State forest in Florida, United States

The Twin Rivers State Forest is in the US state of Florida. The 14882 acre forest is located in North Central Florida, along the banks of the Withlacoochee and Suwannee rivers.

According to the Florida Department of Agriculture's official website, Twin Rivers State Forest is composed of 15 noncontiguous tracts. In geographical order from south to north, the tracts consist of the Mill Creek South Tract then the North Tract along the west bank of the Suwannee. The Anderson Springs Tract is the first one along the east side of the river, which is across from the Black Tract and Damascus Tract, both of which are on the south side of I-10. The Ellaville Tract runs along the southern edge of I-10, but access to the forest is available primarily along US 90, as well as the southern terminus of Madison CR 141. This segment is the only one shared by both the Suwannee and Withlacoochee Rivers and is located across the rivers from Suwannee River State Park. Focusing more on the Withlacoochee River now, the Nekoosa Tract can be seen along the east bank of the river. The Withlacoochee Tract and the Blue Springs Longleaf Tract can be found along Florida State Road 6. The former is across the river from Madison Blue Spring State Park, and the latter is also along SR 6's overlap with Hamilton CR 143.

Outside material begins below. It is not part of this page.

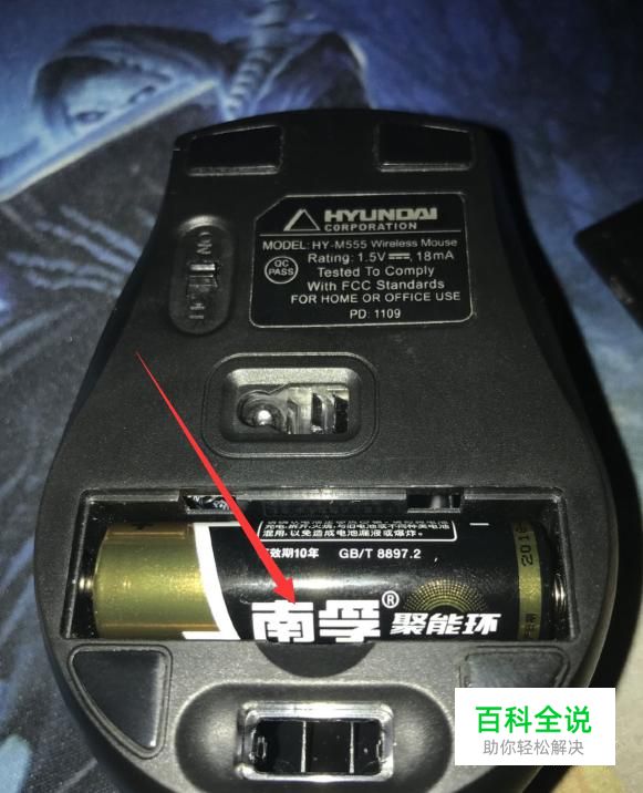然后把一节五号电池装进鼠标里面,然后盖上盖就可以了。

North of these are the Chitty Bend West and East Tracts. The Hardee Springs Tract and Westwood East Tract are located on the opposite side of the Withlacoochee West Conservation Area, and the Westwood West Tract is located north of this conservation area on the opposite side of the river. The Sullivan Tract is along Madison and Hamilton County Road 150, and Deese Tract, a narrow strip on the east bank of the Withlacoochee.